I always thought I was a pretty easy-going person, completely willing to go with the flow. So when the basement flooded on my birthday and we had to replace it all, I thought fine. When we found holes in the foundation and needed them fixed right away, great. Need to change the back siding and a chunk of doors and windows, bring it! We started to see the light in late July as the new basement carpet was due for installation and paint samples had been chosen. Then the upstairs bathroom exploded... and by the upstairs bathroom, I mean the water pipes... and the water destroyed it, the hall, part of the kitchen and the basement. Yes, the basement that was almost fixed from the last flood.
Even with the damage from the bathroom flood, often referred to as our indoor waterfall as that is what it looked like when we discovered it, I just shrugged my shoulders and mopped up (probably helped that I was leaving for the next day for vacation.) As much as the flood sucked, it was way better than it could have been. It could have happened during the next weekend when the entire family would have been away, leaving the water to run for days rather than hours. At least this water damage came from a freak accident and not a natural disaster. We still had four walls, a roof and our health. So all in all, I counted us as very lucky... just very very very pissed off.
Construction started almost immediately, a fact I noticed when I got home from my short vacation, and there is no end in sight. I thought we could get everything done before my brother left for school in Ottawa so he could enjoy our new everything... but that's definitely not going to happen.

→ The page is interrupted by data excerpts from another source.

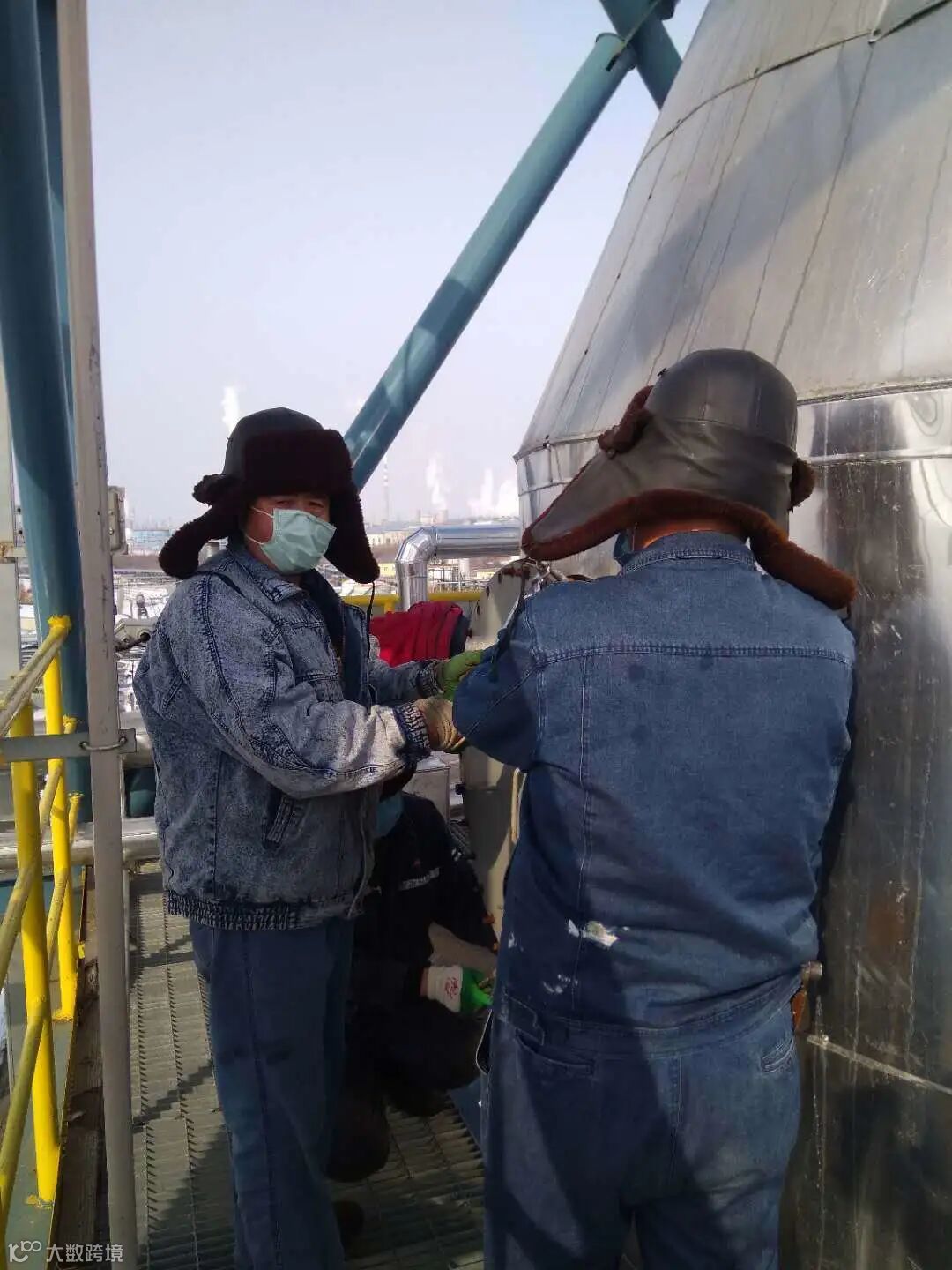 2月21日,雨夹雪。腈纶厂丙烯腈装置余热炉单元脱硫塔顶层不时传出蒸汽的呲呲声。工建四公司检修车间维护人员赶到现场仔细查找后,发现声音来自脱硫塔内部,初步判断有蒸汽管线泄漏,如果不及时处理,不仅会对塔内部防腐涂层造成破坏,还会造成蒸汽不稳定,引起生产波动。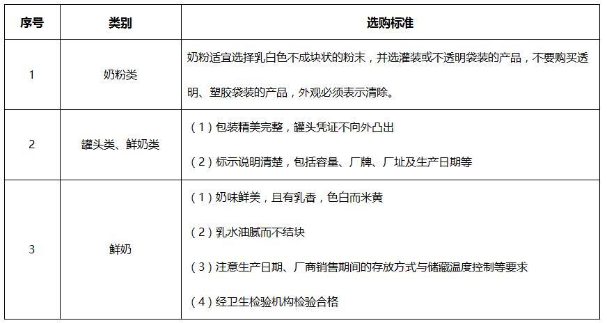 奶类产品的选购标准如表所示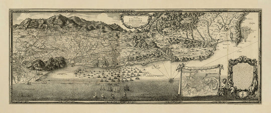 El diseño del mapa refleja las ricas tradiciones cartográficas de finales del siglo XVII, combinando el talento artístico con la precisión militar. El relieve pictórico ilustra vívidamente la topografía de la región, destacando el terreno montañoso y las posiciones costeras estratégicas. Cabe destacar que el mapa incluye representaciones detalladas de las líneas de asedio, las fortificaciones y las fuerzas navales en el mar Mediterráneo, lo que ofrece una visión integral de la complejidad del conflicto. La atención de Beaulieu al detalle se extiende a los bordes artísticos y los elementos decorativos, que realzan el atractivo estético y el valor histórico del mapa.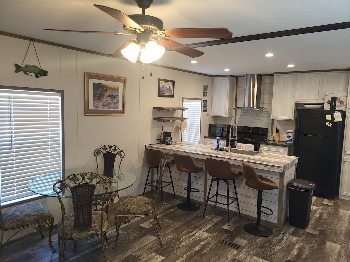 Scopri il fascino distintivo di questo rifugio unico nel suo genere. Ideale per una fuga nel weekend o una rilassante gita di pesca, la baita vanta un lussuoso letto matrimoniale grande con comandi regolabili per la testa e i piedi. Goditi l'intrattenimento sulla smart TV in streaming e resta connesso con Internet ad alta velocità Starlink. Completo di dock e posto auto coperto con strutture di ricarica. Situato a 45 km dal Cypress Bend Golf Resort e a soli 1,6 km dal molo più vicino nel parco statale.
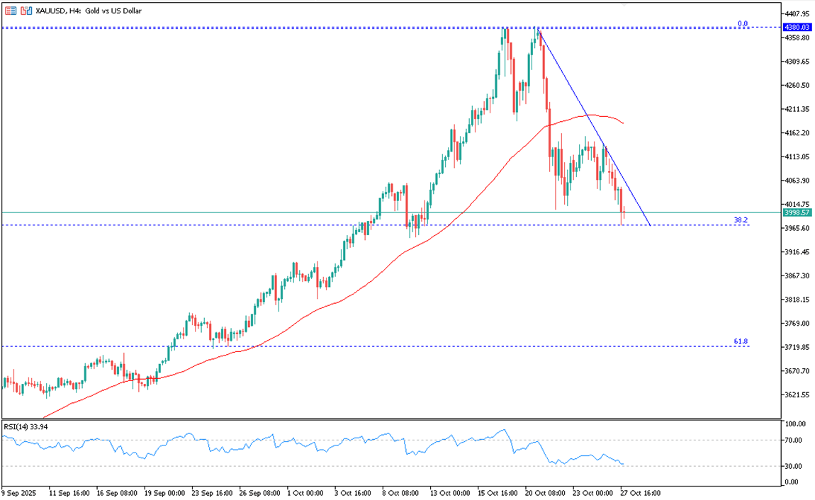 Gold inched up to around $3,990 per ounce on Tuesday but remained near a two-week low, as optimism over US–China trade progress weighed on safe-haven demand. Over the weekend, officials from both countries said they had reached a framework agreement on tariffs and other key issues during talks in Malaysia, paving the way for Presidents Trump and Xi to finalize the deal later this week in South Korea.

I know it's not rational but I am frustrated! I am aware that construction does take time; materials needed to be ordered, crews booked, plans drawn up, and then the actual labour needs to occur. But the copious amounts of dust, lack of counter space and not knowing where anything is in the kitchen is really starting to wear me down. It's not fair of me but I wiggle out of meal duty as much as possible because cooking in that situation frustrates me. The end necessitates the means and I know that eventually I am going to be able to cook in a gorgeous kitchen and have a shower in a gorgeous glassed-in upright shower so for now I must live amid dust and noise.
I did manage my first DIY cooking experiment amid the clutter so look out for that soon. Personally I will be looking out for the smoking hot construction guy my mom swears is currently working on the house. I hope she's right and not describing some figment of her imagination that she created to deal with the stress of the house situation. Fingers crossed!